What’s in your favorite tea? The dried and sometimes cooked or fermented bits of plants used to make teas are not easily identified to species by appearance. Over the past year I have been involved in a project testing whether DNA barcoding can identify the ingredients in commercial tea products, working with three New York City high school students and plant experts from Tufts University (Selena Ahmed) and The New York Botanical Garden (Damon Little). Student investigators Katie Gamble, Rohan Kirpekar, and Grace Young collected 146 tea products from 25 NYC locations, representing 33 manufacturers, 17 countries, and 82 plant common names–73 products were regular teas (prepared from Camellia sinensis, the tea plant) and 73 were herbal products prepared from other plant species.

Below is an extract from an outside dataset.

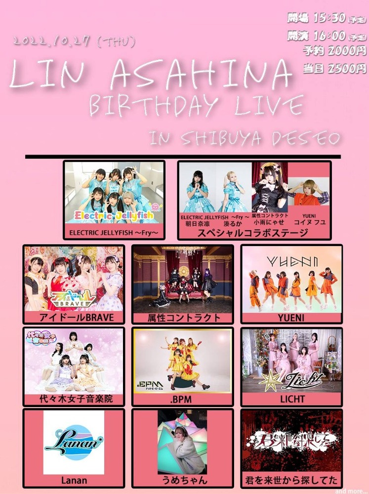 LIN ASAHINA BIRTHDAY LIVE LIVE/EVENT 2022/10/27(木) 18:50 - 22:00 SHIBUYA DESEO 開場 16:45 開演 17:05 LIVE▶18:50〜 物販▶19:25〜 🎫チケット 予約2,000円 / 当日2,500円(1D別) チケット10/13(木) 21:00~ URLをコピーする 報告する

Our findings are published in 21 July 2011 Scientific Reports, (Nature Publishing Group’s open access journal). About 1/3 of herbal teas generated DNA identifications indicating unlisted ingredients including weeds like annual bluegrass (Poa annua) and white goosefoot (Chenopodium album) and herbal plants like chamomile (Matricaria recutita). Matching DNA ingredients to listed ingredients was sometimes challenging–we observe that “broad-scale adoption of plant DNA barcoding may require algorithms that place search results in context of standard plant names and character-based keys for distinguishing closely-related species.”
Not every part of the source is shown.